What Brands Can Learn From Marketers Outside Their Industry

Rick Liebling
September 30, 2014 • 3 min read
Updated on May 5, 2017
This article by Unmetric’s Global Head of Marketing, Rick Liebling, originally appeared in AdAge.
Larry Bird and Magic Johnson — two fierce rivals in one of basketball’s most storied eras. The documentary “Magic & Bird — A Courtship of Rivals” highlights how the two studied, thought about and obsessed over each other’s performance. Who put in more hours of practice each day? Who had the better weekly game stats? Who won the most MVP honors?
As humans, it’s natural to set our eyes and minds upon direct competitors to help shape our own aspirations and behavior. The same holds true for brands (which we often forget are made up of individual humans). American Airlines and United. Nike and Adidas. McDonald’s and Burger King. We expect these brands to wonder what the other guy is up to. It is, in a sense, “keeping up with the Joneses” at the highest level.

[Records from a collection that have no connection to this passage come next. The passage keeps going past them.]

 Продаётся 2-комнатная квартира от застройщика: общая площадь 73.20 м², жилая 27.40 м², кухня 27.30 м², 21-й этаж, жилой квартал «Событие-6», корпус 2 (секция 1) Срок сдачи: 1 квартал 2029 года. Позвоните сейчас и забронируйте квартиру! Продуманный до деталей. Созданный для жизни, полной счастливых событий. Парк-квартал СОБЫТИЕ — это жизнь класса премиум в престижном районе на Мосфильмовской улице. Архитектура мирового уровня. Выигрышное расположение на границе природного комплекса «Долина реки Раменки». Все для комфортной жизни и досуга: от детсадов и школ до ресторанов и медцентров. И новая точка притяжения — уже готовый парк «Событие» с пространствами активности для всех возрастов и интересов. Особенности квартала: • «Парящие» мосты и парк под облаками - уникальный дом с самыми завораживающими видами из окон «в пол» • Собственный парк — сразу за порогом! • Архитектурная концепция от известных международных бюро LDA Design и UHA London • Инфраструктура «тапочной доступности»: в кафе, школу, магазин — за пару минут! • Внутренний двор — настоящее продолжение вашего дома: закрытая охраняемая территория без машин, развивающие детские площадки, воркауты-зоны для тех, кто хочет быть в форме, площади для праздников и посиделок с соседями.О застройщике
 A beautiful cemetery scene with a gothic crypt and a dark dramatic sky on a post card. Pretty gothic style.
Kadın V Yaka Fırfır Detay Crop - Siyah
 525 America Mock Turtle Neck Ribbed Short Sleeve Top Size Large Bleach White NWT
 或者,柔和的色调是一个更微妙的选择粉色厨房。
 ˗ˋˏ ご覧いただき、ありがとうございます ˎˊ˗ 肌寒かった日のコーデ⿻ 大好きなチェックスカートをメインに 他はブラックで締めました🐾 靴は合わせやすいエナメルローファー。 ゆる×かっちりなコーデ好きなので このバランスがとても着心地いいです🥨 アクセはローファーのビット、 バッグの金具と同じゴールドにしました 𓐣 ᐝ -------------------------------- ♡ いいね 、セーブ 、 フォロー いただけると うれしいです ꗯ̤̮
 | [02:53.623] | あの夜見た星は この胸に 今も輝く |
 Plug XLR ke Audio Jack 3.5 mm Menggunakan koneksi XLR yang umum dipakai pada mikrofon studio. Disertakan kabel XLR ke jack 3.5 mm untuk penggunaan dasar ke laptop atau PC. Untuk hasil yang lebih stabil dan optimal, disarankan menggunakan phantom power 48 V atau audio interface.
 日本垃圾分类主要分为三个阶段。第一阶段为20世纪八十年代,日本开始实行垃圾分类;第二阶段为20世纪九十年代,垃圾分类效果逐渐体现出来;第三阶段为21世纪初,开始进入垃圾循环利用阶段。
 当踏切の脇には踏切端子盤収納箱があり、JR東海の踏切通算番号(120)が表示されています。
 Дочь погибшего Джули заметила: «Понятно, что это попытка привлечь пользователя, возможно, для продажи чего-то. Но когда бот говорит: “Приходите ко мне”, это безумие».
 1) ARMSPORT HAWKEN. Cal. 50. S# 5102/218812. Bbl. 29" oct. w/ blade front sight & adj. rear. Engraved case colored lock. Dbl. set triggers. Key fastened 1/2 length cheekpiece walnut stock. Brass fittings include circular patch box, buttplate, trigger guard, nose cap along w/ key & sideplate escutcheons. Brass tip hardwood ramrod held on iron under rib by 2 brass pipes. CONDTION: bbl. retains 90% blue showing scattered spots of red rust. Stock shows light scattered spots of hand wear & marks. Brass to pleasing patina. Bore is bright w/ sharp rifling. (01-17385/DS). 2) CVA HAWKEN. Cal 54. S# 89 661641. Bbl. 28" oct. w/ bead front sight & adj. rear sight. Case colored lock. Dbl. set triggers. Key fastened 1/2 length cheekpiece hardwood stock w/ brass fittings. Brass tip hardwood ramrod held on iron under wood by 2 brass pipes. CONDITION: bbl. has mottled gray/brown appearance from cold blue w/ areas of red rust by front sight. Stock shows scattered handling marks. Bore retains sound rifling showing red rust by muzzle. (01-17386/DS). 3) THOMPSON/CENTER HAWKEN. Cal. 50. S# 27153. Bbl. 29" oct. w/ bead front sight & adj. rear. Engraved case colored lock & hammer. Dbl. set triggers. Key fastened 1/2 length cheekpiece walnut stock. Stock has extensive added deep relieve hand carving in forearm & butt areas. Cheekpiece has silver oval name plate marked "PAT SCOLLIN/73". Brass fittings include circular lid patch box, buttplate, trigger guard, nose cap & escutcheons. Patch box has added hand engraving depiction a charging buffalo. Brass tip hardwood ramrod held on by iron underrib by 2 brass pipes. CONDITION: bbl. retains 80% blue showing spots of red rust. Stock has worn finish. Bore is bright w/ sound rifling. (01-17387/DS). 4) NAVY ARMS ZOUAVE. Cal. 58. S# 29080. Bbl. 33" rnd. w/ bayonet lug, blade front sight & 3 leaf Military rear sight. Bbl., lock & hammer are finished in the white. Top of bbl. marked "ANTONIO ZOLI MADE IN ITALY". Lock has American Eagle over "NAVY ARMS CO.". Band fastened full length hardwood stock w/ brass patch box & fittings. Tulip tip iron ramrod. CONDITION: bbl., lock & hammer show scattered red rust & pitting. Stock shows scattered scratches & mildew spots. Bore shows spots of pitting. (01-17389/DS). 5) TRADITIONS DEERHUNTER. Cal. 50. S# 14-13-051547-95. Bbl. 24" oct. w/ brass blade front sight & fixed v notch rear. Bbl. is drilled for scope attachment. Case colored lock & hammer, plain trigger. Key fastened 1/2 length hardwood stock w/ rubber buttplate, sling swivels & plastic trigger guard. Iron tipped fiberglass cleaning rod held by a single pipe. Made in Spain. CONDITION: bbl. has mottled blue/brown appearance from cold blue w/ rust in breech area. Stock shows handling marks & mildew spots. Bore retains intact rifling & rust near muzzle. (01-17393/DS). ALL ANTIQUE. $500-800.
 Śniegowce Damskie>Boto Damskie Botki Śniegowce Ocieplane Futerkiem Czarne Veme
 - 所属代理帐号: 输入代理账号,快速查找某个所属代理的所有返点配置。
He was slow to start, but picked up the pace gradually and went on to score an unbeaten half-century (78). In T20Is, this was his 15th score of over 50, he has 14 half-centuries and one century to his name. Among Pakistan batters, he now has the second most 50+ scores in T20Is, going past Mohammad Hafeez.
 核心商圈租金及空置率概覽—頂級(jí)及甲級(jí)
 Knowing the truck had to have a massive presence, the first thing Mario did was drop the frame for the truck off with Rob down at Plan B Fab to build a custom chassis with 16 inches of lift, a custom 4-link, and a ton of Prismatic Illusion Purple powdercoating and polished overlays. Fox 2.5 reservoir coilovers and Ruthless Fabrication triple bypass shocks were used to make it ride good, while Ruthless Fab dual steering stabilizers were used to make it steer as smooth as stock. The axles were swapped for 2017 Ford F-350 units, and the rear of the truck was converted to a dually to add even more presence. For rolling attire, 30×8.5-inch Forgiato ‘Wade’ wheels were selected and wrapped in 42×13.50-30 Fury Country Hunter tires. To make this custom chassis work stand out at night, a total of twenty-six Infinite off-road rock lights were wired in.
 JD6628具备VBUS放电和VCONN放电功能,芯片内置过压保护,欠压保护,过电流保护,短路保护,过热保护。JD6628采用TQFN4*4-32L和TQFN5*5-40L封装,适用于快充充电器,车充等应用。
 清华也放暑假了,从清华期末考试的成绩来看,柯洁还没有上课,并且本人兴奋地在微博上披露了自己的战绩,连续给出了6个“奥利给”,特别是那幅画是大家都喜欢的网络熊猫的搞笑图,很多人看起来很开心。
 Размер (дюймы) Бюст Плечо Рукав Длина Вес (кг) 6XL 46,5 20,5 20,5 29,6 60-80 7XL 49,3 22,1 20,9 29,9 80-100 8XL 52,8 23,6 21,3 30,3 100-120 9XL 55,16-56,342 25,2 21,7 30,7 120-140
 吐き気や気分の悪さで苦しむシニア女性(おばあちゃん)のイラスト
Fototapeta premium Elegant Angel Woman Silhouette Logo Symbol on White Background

But can Nike learn anything from Red Bull? Can CitiBank take cues from American Airlines? When it comes to social media strategy and tactics, the answer is “yes.”
Brands can and should look to others in their traditional competitive set to help guide their social media efforts. This can range from understanding which social networks to focus resources on to uncovering specific content or campaigns that elicit high engagement from consumers generally interested in travel, shoes, fast food, etc.
Likewise, brands can harvest actionable social media insights and set creative direction based on those from outside their sector.
Here are a few examples of how this might work.
- Customer service insights: Airlines and hospitality brands have typically led the charge on using social media for customer service. Brands outside of the sector such as financial or credit card companies that also deal with a lot of customer service-related issues can look to the social strategies of airlines for best practices. These KPIs can include response-rate percentage, average response time, and response type — for example, does the brand request a direct message, apologize openly, etc.
- Event-based marketing: As the 2014 Winter Olympics and FIFA World Cup demonstrated, event-based marketing via social media is an immense opportunity for brands to reach engaged audiences all over the globe. Brands (even ones that aren’t official event sponsors) can benchmark their social efforts against other sponsors outside of their sector. For example, a brand like Coke could benchmark its social content and campaigns against Sony or Visa for a major event — not just against other beverage or cola brands.
- Fan affinity: Consumers often choose products based on demographics and psychographics, and brands can learn a lot by observing the social strategies of brands that fall outside of their sector but target the same consumer. For example, an auto brand could look at the social media efforts of a clothing brand that goes after the same young affluent consumer. This data informs what type of content each brand is up against from a share-of-voice perspective with that specific audience. Brands can look to brands outside of their sector to identify specific content and campaigns that resonate well (or have failed) with the audience they have in common.
Larry Bird once said: “I don’t know if I practiced more than anybody, but I sure practiced enough. I still wonder if somebody — somewhere — was practicing more than me.”
Today’s digital marketers don’t have to sit around wondering what other brands are doing on social media. With the right platforms, they can quickly and easily understand the who, what, where and when of social success (and failure). And by success, we mean audience engagement that transcends vanity metrics such as follows and likes.
From new products to TV advertisements to social media, you keep tabs on and benchmark against direct competitors — that’s a given. But are you observing brands on social media outside of your sector? If not, you may be missing insights that can yield unexpected ideas, push you to think differently and stir up new wells of creativity that might otherwise remain stagnant.